The task:
Exact copy, no pictures: return only the lines below from the line with "ツインスティックシューターバ" up to and including the line with "I have Schlittler".

*** Information supplied ***

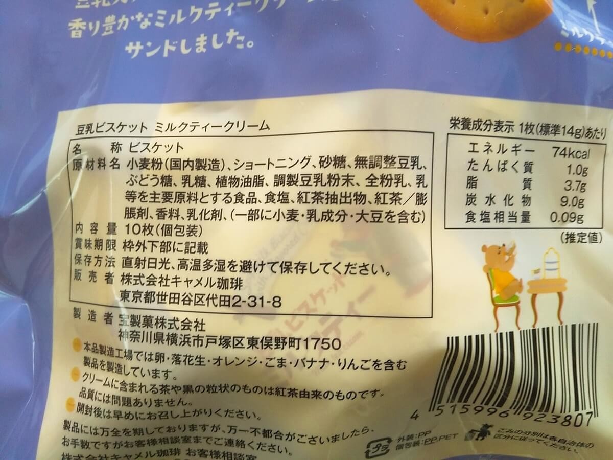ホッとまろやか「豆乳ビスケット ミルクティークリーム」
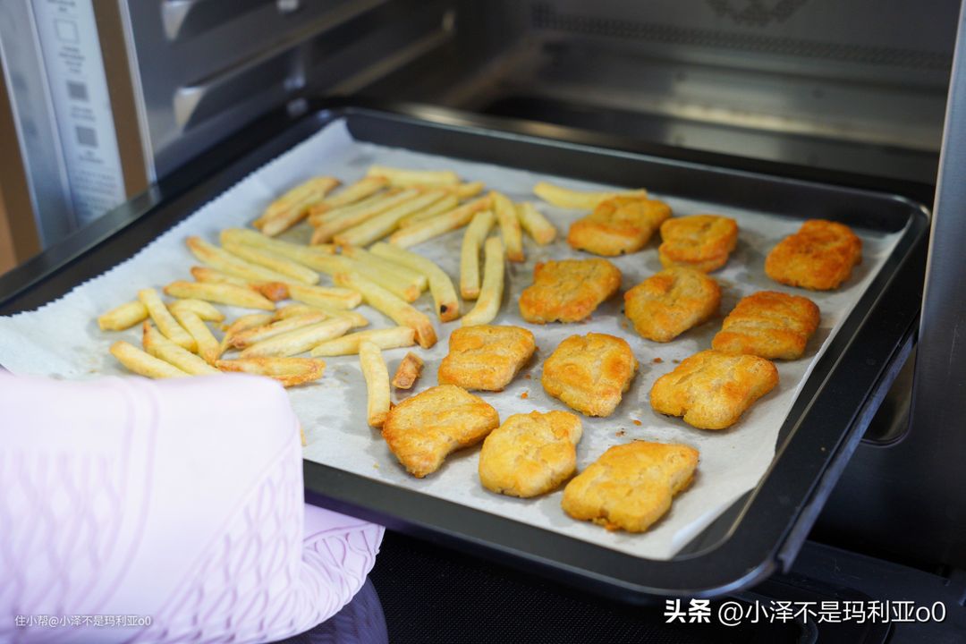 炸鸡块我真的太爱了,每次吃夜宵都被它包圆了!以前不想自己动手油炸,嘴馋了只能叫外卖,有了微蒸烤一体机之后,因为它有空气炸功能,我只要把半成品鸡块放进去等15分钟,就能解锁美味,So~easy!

*** End of Information supplied ***
*** Information supplied ***

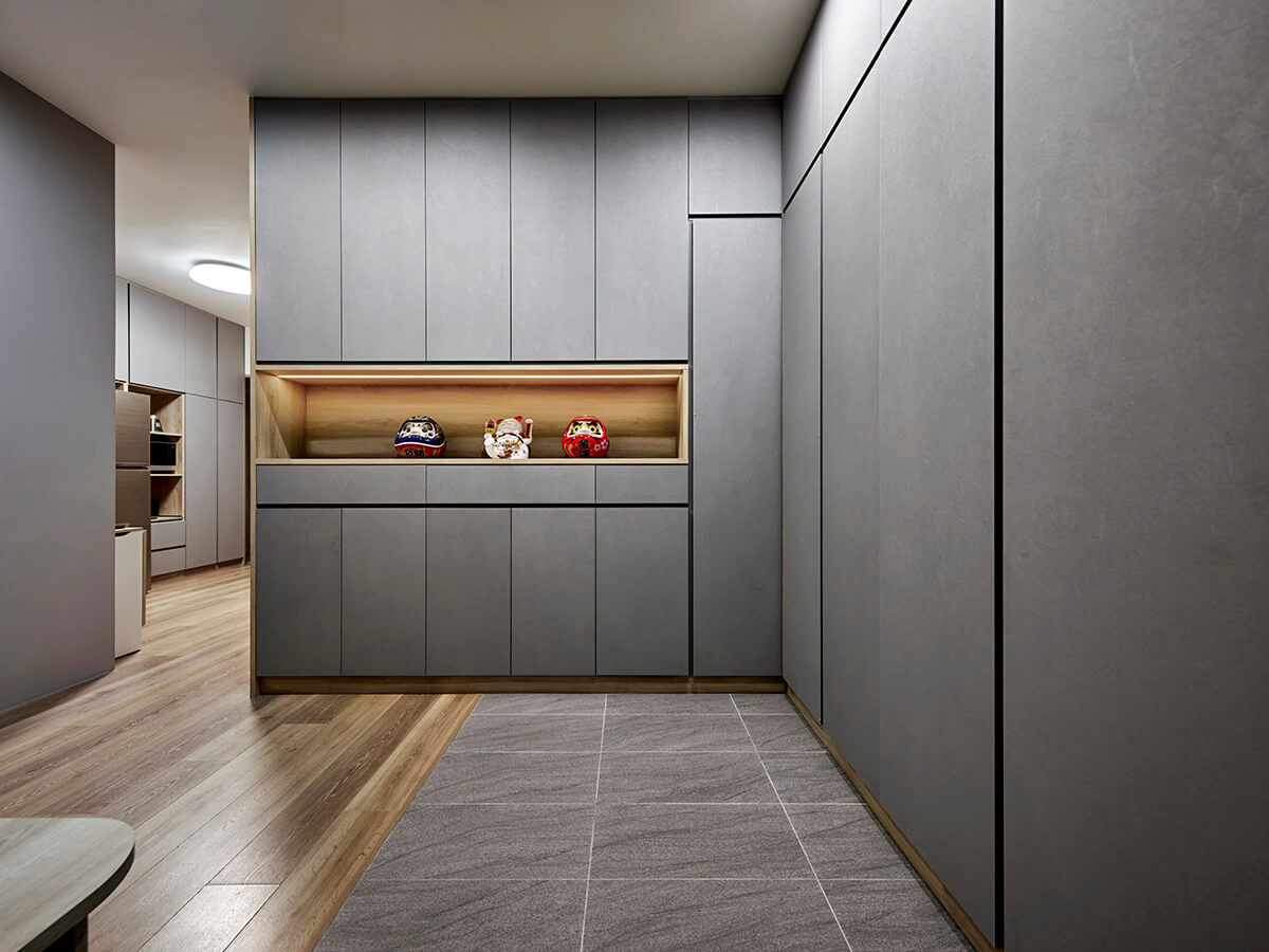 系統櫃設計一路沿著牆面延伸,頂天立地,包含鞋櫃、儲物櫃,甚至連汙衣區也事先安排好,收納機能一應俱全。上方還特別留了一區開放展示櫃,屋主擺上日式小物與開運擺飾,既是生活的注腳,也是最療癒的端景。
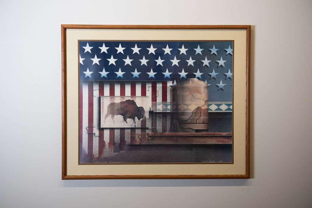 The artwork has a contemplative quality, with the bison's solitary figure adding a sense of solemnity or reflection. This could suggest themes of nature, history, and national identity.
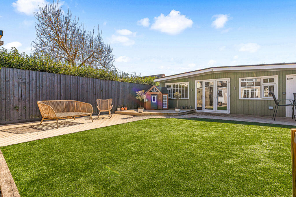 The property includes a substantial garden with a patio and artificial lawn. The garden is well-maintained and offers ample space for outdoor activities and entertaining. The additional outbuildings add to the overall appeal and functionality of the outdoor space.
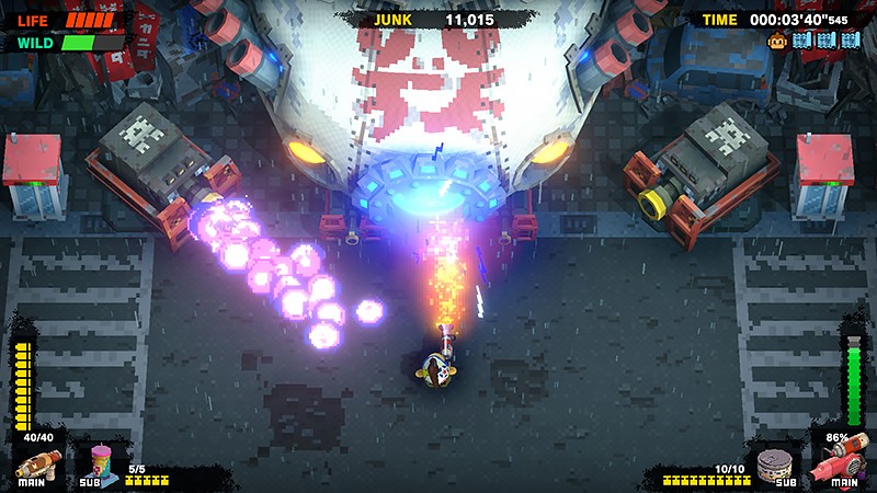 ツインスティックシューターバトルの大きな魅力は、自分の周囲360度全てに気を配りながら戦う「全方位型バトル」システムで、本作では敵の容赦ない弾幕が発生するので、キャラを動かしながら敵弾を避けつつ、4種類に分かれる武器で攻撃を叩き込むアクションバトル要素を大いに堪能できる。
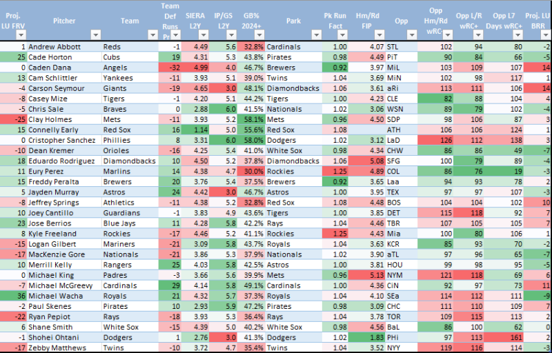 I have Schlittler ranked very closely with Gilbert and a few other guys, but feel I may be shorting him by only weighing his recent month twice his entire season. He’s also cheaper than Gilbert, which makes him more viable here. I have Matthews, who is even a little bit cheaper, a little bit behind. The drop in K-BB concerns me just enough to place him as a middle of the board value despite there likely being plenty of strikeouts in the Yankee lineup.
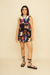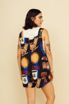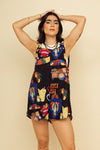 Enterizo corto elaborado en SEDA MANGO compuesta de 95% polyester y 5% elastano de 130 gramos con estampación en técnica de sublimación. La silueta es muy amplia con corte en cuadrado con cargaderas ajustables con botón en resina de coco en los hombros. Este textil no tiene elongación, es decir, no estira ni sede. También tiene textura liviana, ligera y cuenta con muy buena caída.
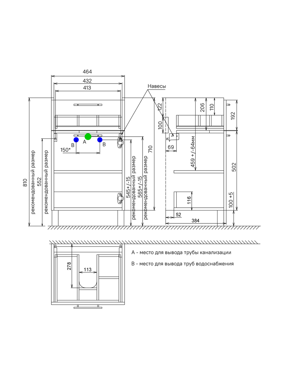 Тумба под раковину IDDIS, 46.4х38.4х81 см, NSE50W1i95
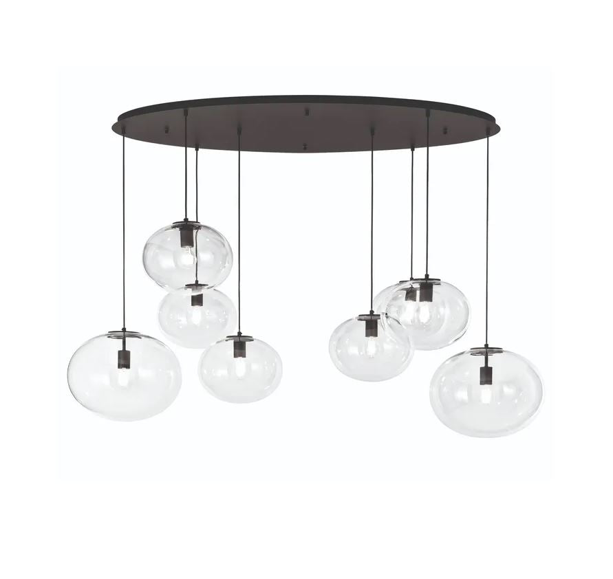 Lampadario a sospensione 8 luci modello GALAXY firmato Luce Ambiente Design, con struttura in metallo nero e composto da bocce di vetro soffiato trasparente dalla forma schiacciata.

*** End of Information supplied ***
*** Information supplied ***

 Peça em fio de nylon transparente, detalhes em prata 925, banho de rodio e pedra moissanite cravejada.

*** End of Information supplied ***

Written answer:
 ツインスティックシューターバトルの大きな魅力は、自分の周囲360度全てに気を配りながら戦う「全方位型バトル」システムで、本作では敵の容赦ない弾幕が発生するので、キャラを動かしながら敵弾を避けつつ、4種類に分かれる武器で攻撃を叩き込むアクションバトル要素を大いに堪能できる。
 I have Schlittler ranked very closely with Gilbert and a few other guys, but feel I may be shorting him by only weighing his recent month twice his entire season. He’s also cheaper than Gilbert, which makes him more viable here. I have Matthews, who is even a little bit cheaper, a little bit behind. The drop in K-BB concerns me just enough to place him as a middle of the board value despite there likely being plenty of strikeouts in the Yankee lineup.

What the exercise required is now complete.